[Opening The data section]

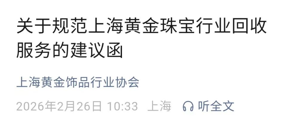 今天(2月26日),上海黄金饰品行业协会发布关于规范上海黄金珠宝行业回收服务的建议函。各黄金珠宝企业...
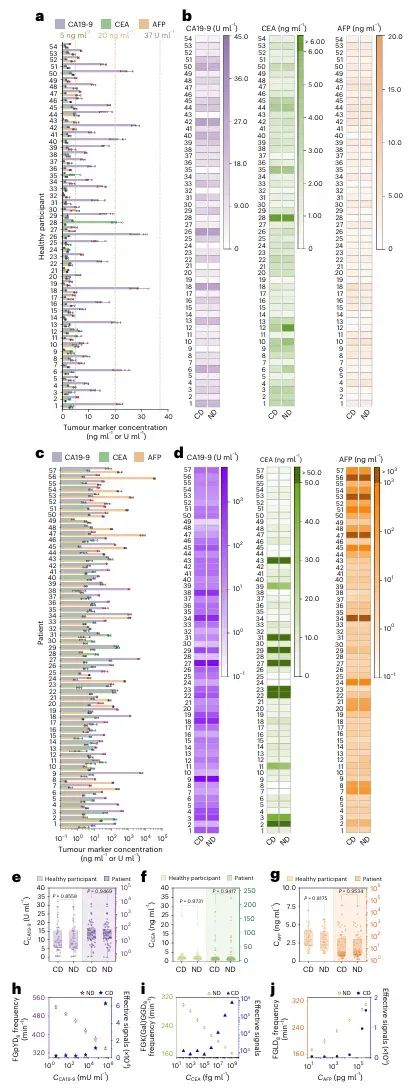 图中展示了纳米孔基酶联免疫吸附测定(NELISA)技术在临床血液样本中对三种肿瘤标志物(CA19-9、CEA和AFP)的检测结果。研究团队对54名健康参与者和57名癌症患者的血液样本进行了检测,结果显示NELISA技术能够准确地检测出这些生物标志物的浓度,并且与传统的化学发光免疫分析(CLIA)结果高度一致。通过对比两种检测方法的检测限(LOD),发现NELISA的检测限比CLIA低两到四个数量级,这表明NELISA技术在检测灵敏度上具有显著优势。此外,图中还通过箱线图展示了两种检测方法在不同样本组中的数据分布情况,进一步证实了NELISA技术在实际应用中的可靠性和准确性。
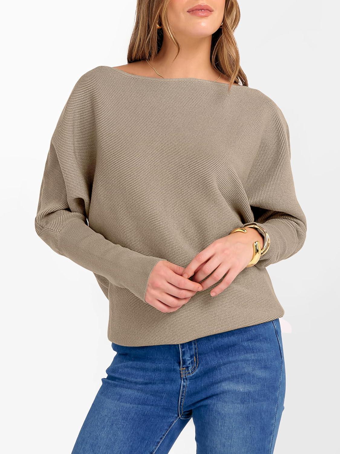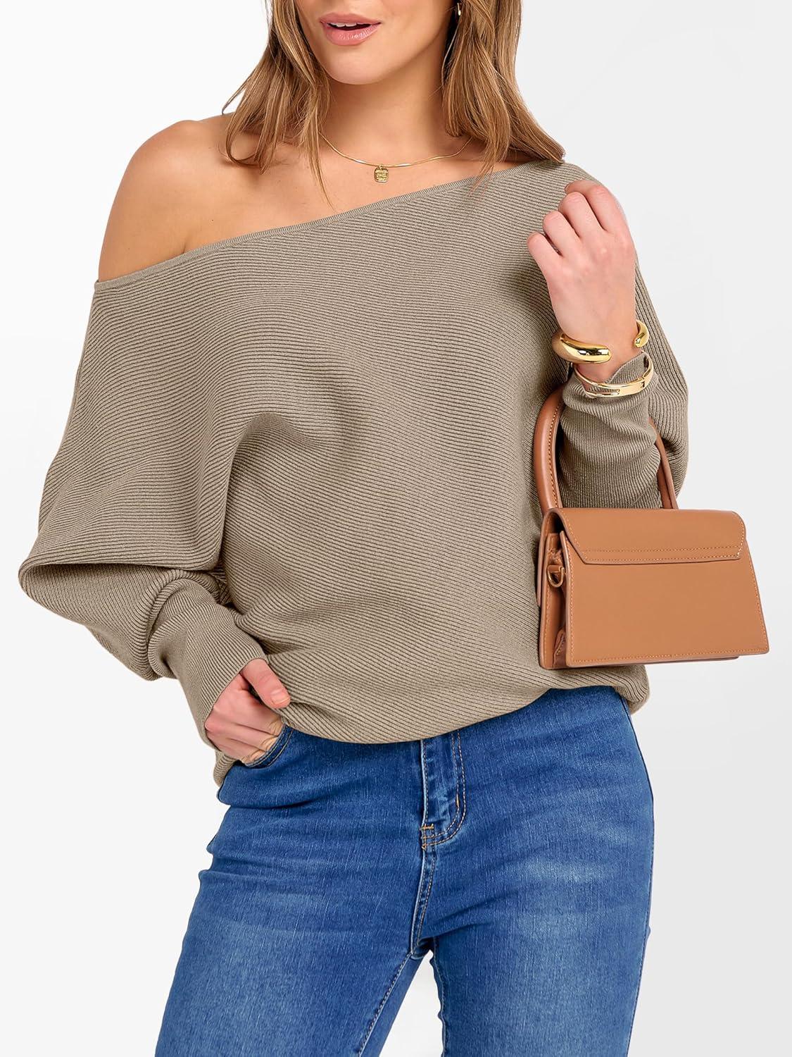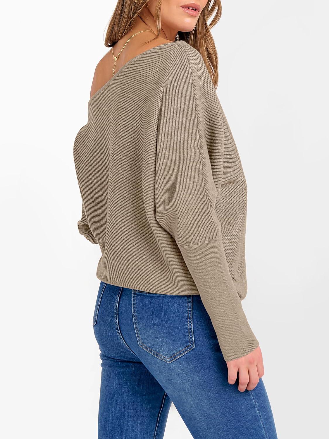 ANRABESS Womens Off Shoulder Sweaters 2025 Fall Long Batwing Sleeve Loose Fit Knit Tops Casual Pullovers Jumpers(Bright Tan)

[Closing The data section]

## Directions for this task
Set down the material above exactly as written, but not the pictures.

## Response to the task
 今天(2月26日),上海黄金饰品行业协会发布关于规范上海黄金珠宝行业回收服务的建议函。各黄金珠宝企业...
 图中展示了纳米孔基酶联免疫吸附测定(NELISA)技术在临床血液样本中对三种肿瘤标志物(CA19-9、CEA和AFP)的检测结果。研究团队对54名健康参与者和57名癌症患者的血液样本进行了检测,结果显示NELISA技术能够准确地检测出这些生物标志物的浓度,并且与传统的化学发光免疫分析(CLIA)结果高度一致。通过对比两种检测方法的检测限(LOD),发现NELISA的检测限比CLIA低两到四个数量级,这表明NELISA技术在检测灵敏度上具有显著优势。此外,图中还通过箱线图展示了两种检测方法在不同样本组中的数据分布情况,进一步证实了NELISA技术在实际应用中的可靠性和准确性。
 ANRABESS Womens Off Shoulder Sweaters 2025 Fall Long Batwing Sleeve Loose Fit Knit Tops Casual Pullovers Jumpers(Bright Tan)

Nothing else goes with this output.